Democracia, ¿qué democracia?
Nuestra constitución establece, conjuntamente con decretos subsidiarios, que el ciudadano debe conocer las leyes que reglamentan la vida en su país y dice, sin lugar a dudas, que no puede de ninguna manera justificar una contravención, delito o crimen, amparado en ese desconocimiento.
Hay un poder del Estado, el poder Legislativo, que debería ser independiente (aunque aun no lo ha logrado) encargado de redactar las leyes que pueden tener diversos orígenes:
Solicitadas por otros poderes del estado.

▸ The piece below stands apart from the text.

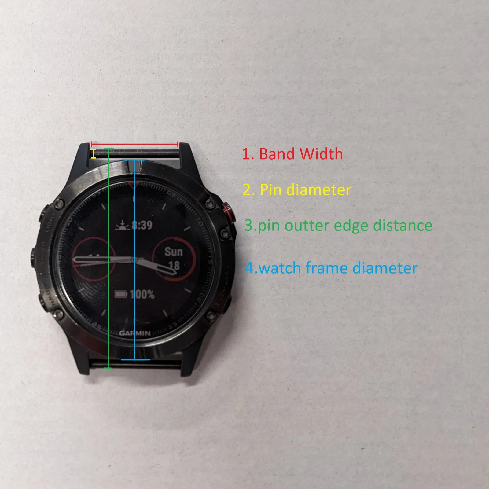 - 4: đường kính khung đồng hồ (watch frame diameter)

Solicitadas por las fuerzas vivas o entidades intermedias,
Propias, basadas en hechos aberrantes no contemplados en la legislación vigente o insólitos que son posibles e impunes por un vacío legal.
El párrafo anterior no es una realidad sino una expresión de deseos ya que en la práctica, la tarea del poder legislativo se ha reducido a la aprobación, a veces a libro cerrado, de los proyectos presentados por el ejecutivo. Un ejemplo de esto se dio cuando el Congreso nacional aprobó la nominación de un juez que no tenía título de abogado y el senador Antonio Cafiero justificó en no haber verificado los antecedentes del nombrado en el hecho de haber sido recomendado por el presidente de la nación. Se estima que dado el tiempo que ha pasado desde que comenzaron con esta práctica, ya no quedan legisladores que sepan como se redacta una ley. De manera que, en democracia y como dice la sabiduría popular, el poder legislativo se convirtió en una escribanía del ejecutivo.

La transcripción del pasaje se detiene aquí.